И только когда человека хоронят — не Сталина, конечно, какого-нибудь, а нормального, хорошего знакомого человека, — так очевидно, что перед лицом смерти простительно любое несовершенство, в мелочь на берегу этого ледовитого океана превращается все. Потом в процессе поминальной эйфории те, мимо кого на этот раз просвистело, промазало, — близкие и знакомые очень быстро набираются и набирают некую вдруг откуда ни возьмись приподнятость духа, юбилейную высоту полета, а может быть, даже в какой-то степени — испытывают облегчение. Тяжелая сдавленность души после лицезрения неправдоподобно и бесповоротно мертвого товарища своего, подспудная мысль, что все усилия и столь естественные трепыхания этого еще недавно такого живого человека в мгновение ока обращены в необъяснимо хладный (холоднее воздуха вокруг) и сверх всех ожиданий чрезмерно неживой — предмет, что конец всему вдруг с головокружительной быстротой подоспевает, словно неожиданная платформа под ногой, — как будто не жизнь кончается, а смерть подкатывает, — все это постепенно отступает. Все равно, по нашим представлениям, жизнь не может так быстро кончиться, у нее ведь такая инерция, столько дел, она так со многим управлялась... Как же так вдруг все бросить? Прошло немало времени, а я как раньше рассказывала ему что-то мысленно, гуляя с собакой (каждый наш добрый знакомый и воображаемый собеседник имеет как будто некую определенную географическую широту и долготу), так вот и теперь я все еще по привычке направляю какое-нибудь, как мне кажется, достойное соображение — туда, к нему, на северо-запад своего сознания...

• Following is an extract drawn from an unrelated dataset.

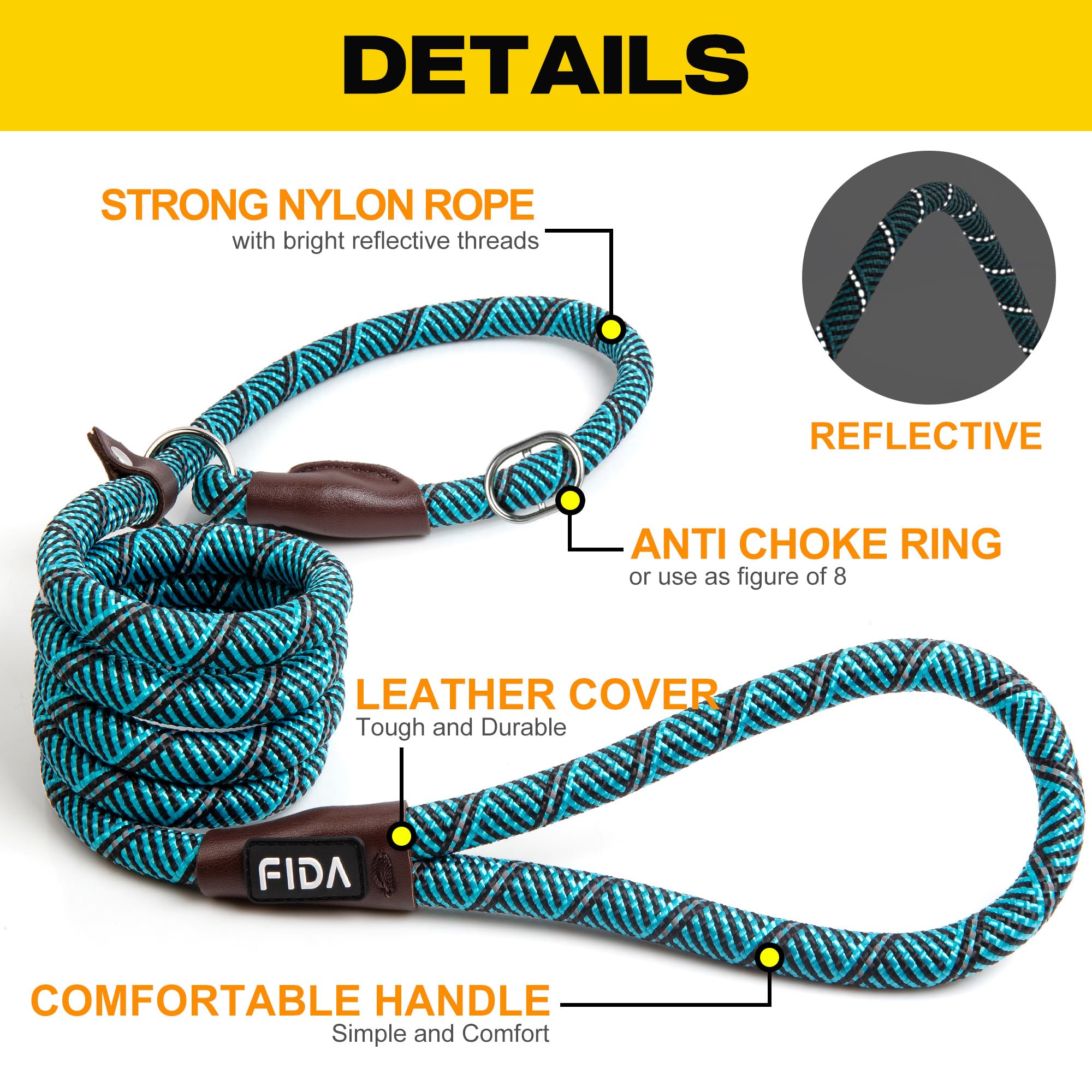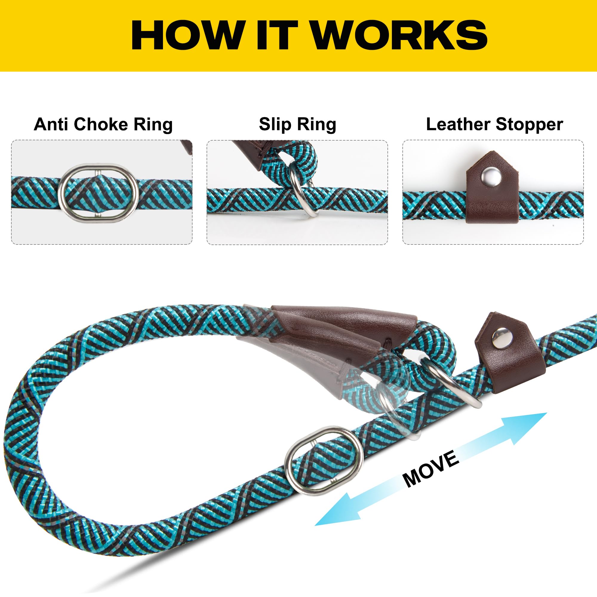 【STRONG & LIGHTWEIGHT】- These Premium Slip Leads for dogs are made of high strength nylon rope, super durable metal ring, and the knots bound with leather cover. 3/8” thick rope provide maximum durability and comfortable grip

Холодное сиротство по мере убытия (в ослабленном варианте не на тот свет, а хотя бы просто, допустим, за бугор) наших близких и даже не очень близких друзей и знакомых настигает и нас — оставшихся. К знаменитой формуле “ждать и догонять” я еще в детстве догадалась добавить “оставаться”. Мы ведь действительно толком не знаем, с кем мы живем на самом деле. Ну, кошки-собаки, ближайшие родственники — безусловно, а вот из враждебного и окружающего мира — не так очевидно. И тут дело даже не в привычке или привязанности. Иной человек может исчезнуть из поля зрения, вы и не заметите, а некоторые персонажи, с которыми в непосредственные отношения вы вступаете весьма редко, по полгода-году не видитесь, — нужны: оказывается, они держат ваше хрупкое, но необходимое представление о мире в своих равнодушных руках. И это полотнище иллюзий трепещет и хлопает на ветру непостоянства бытия, а теперь еще и выпущено из рук в энном количестве точек. Они — те, кто невольно помогает нам сохранить наши иллюзии, — и есть в конечном счете наши ангелы-хранители, знают они об этом или, что гораздо чаще, нет — не важно.

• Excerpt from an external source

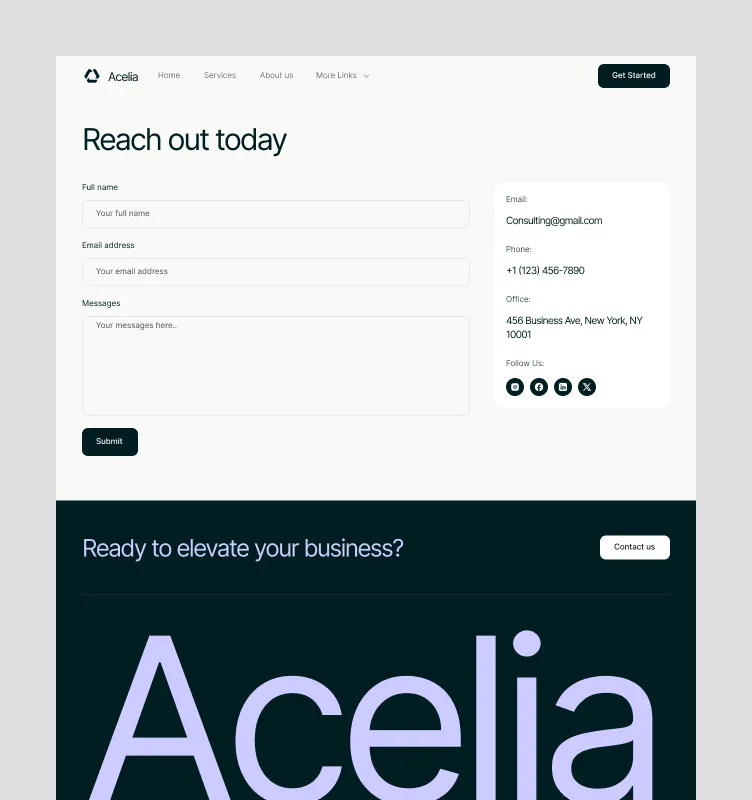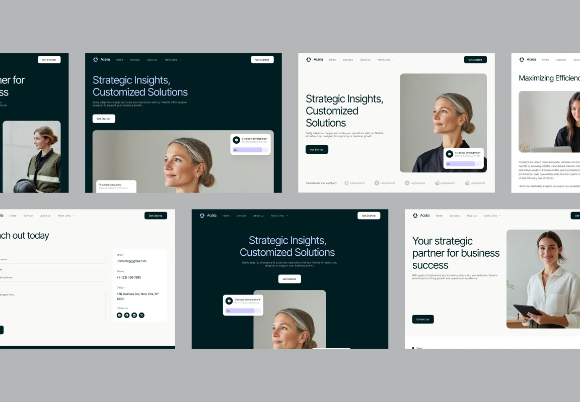 Acelia Webflow Template includes over 12 pages in total, with more than 25 sections.

Всю жизнь мы бредем вдоль глухого забора, огораживающего “секретный объект”, и не знаем, где кому из нас откроется вход. Что там? Музыка сфер? Бесформенный покой? Веселый пир в кругу близких душ среди кудрявых лоз? Или же — мрак с тяжелым ощущением времени? Гигантский выставочный комплекс, заполненный толпами занимающих очередь? Скучный музей жизненных путей? “Бесконечные тупики”? Очная ставка с собой в “истинном свете”? Или, может быть, там раскинулись тарковско-стругацкие поля орошения, по которым бродят несметные одинокие сталкеры, сталкивающиеся как машинки на соответствующем аттракционе и обменивающиеся паролем: “Смертью смерть поправ?” — “А чем же еще?”...

Где сейчас безвременно ушедший? Очевидно, что не только под ядовито-желтым холмиком, утыканном гвоздиками с обрубленными лопатой стеблями, — под Мытищами, между лесочком и шоссе. Ибо — не может быть.

Неужели все, чем мы так одержимы, все, что мы принимаем за свое предназначение, за свой с трудом различимый дар, наш жар души и невероятная на самом деле физическая сила, — нужны нам в первую очередь для того, чтобы скрыть наше подлинное сиротство, имитировать нашу востребованность? Человек думает: “Я никому не нужен”, а потому все время стремится быть нужным — так или иначе. Что-то сотворить, оставить после себя или стать объектом поклонения, звездой, иглой... Или же — служить непосредственно. Растить, помогать, ухаживать — то есть делать все то же самое, только гораздо эффективнее и с гораздо меньшим радиусом действия. Человек стремится быть нужным, а кое-кто и незаменимым. И это конечно же удается.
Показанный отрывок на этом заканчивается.